Androidlerle insan olmak
Detroit: Become Human içerisinde elbette bu Androidlerin fark farklı yetenekleri bulunuyor ve bu yeteneklerinden büyük oranda faydalanabiliyoruz. Örneğin Connor isimli dedektif karakterle bir arada istediğimiz formda Android’lerin şuur altına girebiliyor ve onların yaşadığı olaylar hakkında bilgi sahibi olabiliyoruz. Tekrar Androidler ortasında bellek transferi bulunuyor ve ne yaşadıklarını ve ne bildiklerini bu kapsamda kolay bir formda öğrenebiliyoruz. Hakikat bir halde kullanıldığında insanlık açısından yararlı olan bu Androidler ileride yapay zekalarını büsbütün yeni bir niyetle bağdaştırıyor ve bu kapsamda insan olma ve kendi kanılarını oluşturma yoluna gidebiliyor. Hasebiyle burada yaptığımız seçimlerle birlikte Connor isimli Android’in bahtı büsbütün bizim elimizde bulunuyor ve bu kapsamda ise bu karakteri istersek Android olarak istersek de artık kendi fikrini oluşturmuş ve insan modeline gerçek geçiş yapmış bir karakter olarak bırakabiliyoruz.

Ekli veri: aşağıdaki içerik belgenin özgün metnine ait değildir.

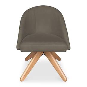 Poltrona Cadeira Giratória Bela Suede Marrom Rato Base De Madeira - Pallazio

İnteraktif bir tecrübe olduğundan ötürü oynanış kısımları sınırlı
Elbette birçok oyuncuya hitap etmeyen yapısı ile karşımıza çıkan bu oyun günümüzde hala oynanan ve oyuncular tarafından sevilen bir imal olarak karşımıza çıkıyor. İnteraktif bir tecrübe sunduğundan ötürü oyun içerisinde bir dizi yahut sinema izliyor üzere ilerliyor ve yer yer de karakterlerin denetimini elimize alabiliyoruz. Elbette bu karakterlerin denetimini elimize aldığımız kısımlar hayli hudutlu bir biçimde karşımıza çıkıyor ve burada da çok fazla ileriye gitmeyerek ve mevcut bölgeyi araştırmak şartıyla gezinmeye başlıyoruz. Elbette bu kısımlarla bir arada birtakım oyuncuların sıkıldığını görebiliyor ve bu usul oyunlardan birçok oyuncu hoşlanmayabiliyor. Bu çok doğal bir durum ve birtakım oyuncular büsbütün oyundaki tüm karakter denetiminin bizim elimizde olmasını ve bu kapsamda ise tam denetimi almak istiyor. Fakat bu oyun bizlere büsbütün sinematik bir tecrübe sunuyor ve karşımıza çıkan seçimlerle bir arada de oyundaki gidişatı tesir edebiliyoruz. Münasebetiyle şayet bu usul oyunlardan hoşlanmıyorsanız bu oyun da hoşunuza gitmeyecek diyebilirim. Fakat sinematik bir tecrübeden hoşlanıyorsanız ve yapacağınız seçimlerle bir arada dünyayı şekillendirmek istiyorsanız bu üretim tam size.
QTE anları
Birçok sinematik tecrübe sunan oyunda olduğu üzere bu oyunda da süratli vakit olayları bulunuyor. Pekala nedir bu süratli vakit olayları; Oyun içerisinde yer yer aksiyon anları bulunuyor ve bu aksiyon anlarında gerçek vakitte yanlışsız halde tuşlara basmamız gerekiyor. Şayet bu tuşları kaçırırsak bu karakterin vefatıyla yahut yere düşmesiyle birlikte sonuçlanıyor. Bulunduğumuz noktada ir Android ile kapışıyorsak gerçek vakitte yanlışsız tuşlara basmamız gereken QTE anları başlıyor ve bu kısımda ise tuşları kaçırmamamız gerekiyor. Elbette oyunun zorluğuna bağlı olarak bu tuşların zorluğu ve çıkış vakitleri değişkenlik gösteriyor. Şayet oyunu kolayda oynuyorsanız bu tuşları kaçırmanız epey sıkıntı olacak. Şayet güç oyun modunda oynuyorsanız tuşlar daha süratli bir biçimde çıkıp sönecek. Hasebiyle buradaki zorluğu büsbütün siz kendiniz ayarlayabiliyorsunuz.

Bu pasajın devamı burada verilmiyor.